Seventeen Voices: Life and Wisdom from Inside ‘Mental Illness’

Marianne Broug, Wakefield Press

Seventeen Voice s begins with the dedication: “For the countless human beings around the world who day by day endure tremendous suffering and whose suffering is only compounded by myths, misconceptions, stigmas and stereotypes.”

I found this a very interesting dedication because it echoed my experience in working in the disability field and as someone who has post-traumatic stress disorder.

I discovered that society appears to divide people with disabilities into two groups: those with acceptable disabilities and those with unacceptable disabilities. Mental illness was definitely in the “unacceptable” group.

So the author’s aim that her readers should learn from the “real experts”, those who experienced mental illness, is truly admirable.

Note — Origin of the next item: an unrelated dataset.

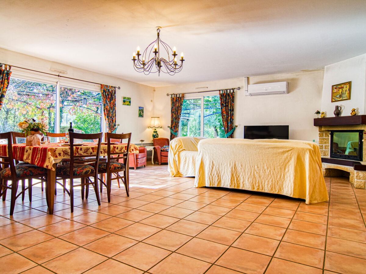 Séjour/salle à manger avec cheminée (uniquement à titre de décoration), table pour les repas et TV (écran plat), air-conditionné.

The Seventeen Voices are interviews of 17 people living with mental illnesses, including phobias, anxiety, obsessive compulsive disorder, dissociative identity disorder, schizophrenia, bipolar disorder and depression.

The interviews are brutally honest and therefore fascinating and extremely disturbing. An overwhelming number of the interviewees talked about all types of abuse in their past, living in absolute terror and treatments that they felt were inappropriate for their situation.

The support they wanted above everything else was to be listened to.

So, if only for that reason, please buy and read this book. What you will learn will help you immeasurably as you move in a world where one in five Australians experience a mental illness at some stage in their life.